ABCDEFGH ACEFXD Non-accurate coupling: 1, have two deletions (B), (D) with two insertions (X), (D); Or 2, in two deletions (B), (D) and two replace (G, X), (H, D); Deng The non-coupling fully of discrete intersection: have discrete (B), an intersection (D), one non-(X) fully
Table 2
As seen, have now, have multiple describing method, reflect the polymorphism of describing same problem, be not easy to careful classification and handle based on wrong factor based on the string matching problem of wrong factor to particular text and term.And adopt three specific characters of the present invention that only there is a kind of describing method in same problem, reflected that exactly text is corresponding with the character of term.
About two substring matching problems, existing have two kinds of different describing methods based on wrong factor in the table 2; Only there is a kind of describing method in the present invention to two substring matching problems, more meets the definition of substring.

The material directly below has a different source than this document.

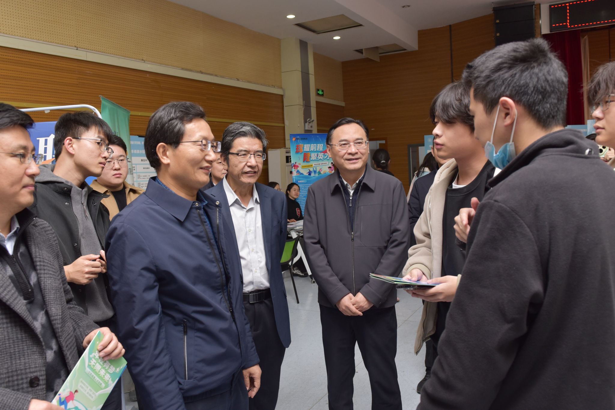 校领导一行深入各企业展位,与企业代表面对面沟通交流,详细了解企业用人需求,希望深化校企协同,拓宽合作维度,推动产教深度融合与多元化共赢发展。在校友企业展位前,张庆亮、操海群代表学校对校友取得的优异成绩表示祝贺,对校友企业长期以来心系母校、在支撑母校高质量发展、搭建学生实习就业平台、助力青年学子成长成才等方面作出的积极贡献表示感谢。

Contrast by last table, can also be well understood to the difference of discrete feature and deletion error, the difference that cross characteristic is wrong with exchange, the incomplete difference wrong with insertion.
The three specific character parameters that the present invention adopts, i.e. discreteness, intercrossing, incomplete have diverse notion and character between mutually, are characteristics independently each other.The mistake factor is the external manifestation of three specific characters, based on the string matching research thinking of three specific character parameters, has more scientifically disclosed the inherent law of string matching problem.
Two, the nonindependence of existing wrong factor notion, and the uncertainty of the wrong properties in the coupling make and can not the further refinement of matching state be represented according to wrong factor.Therefore, in the dictionary retrieval, when calculating matching degree, lack the more careful parameter foundation of accurate match situation, be unfavorable for detecting result's reasonable ordering.
And the three specific character parameters that the present invention adopts: discreteness, intercrossing, incomplete, have diverse notion and character between mutually, be characteristic independently each other.By three specific character calculation of parameter characteristic matching degrees, can consider of the influence of three specific characters respectively to the characteristic matching degree, make the characteristic matching degree that calculates reflect the similarity degree of text and term more accurately.Therefore, the characteristic matching degree that obtains according to the present invention, ordering output to all matching results of dictionary word is more reasonable, and fault-tolerant ability improves greatly, has overcome too general based on wrong factor distance calculation result, as to be unfavorable for the COMPREHENSIVE CALCULATING of matching degree defective.
Embodiment
Below in conjunction with embodiment, the character string matching method that the present invention is based on characterisitic parameter is described in further detail.
The electronics English dictionary is the electronic dictionary storehouse that is made of English word.Electronics English dictionary retrieval is meant: according to the English word of input, i.e. term P is to each word in the electronics English dictionary storehouse, be text T, carry out the string matching computing, and according to matching result, to the word ordering output that satisfies condition, user friendly selection.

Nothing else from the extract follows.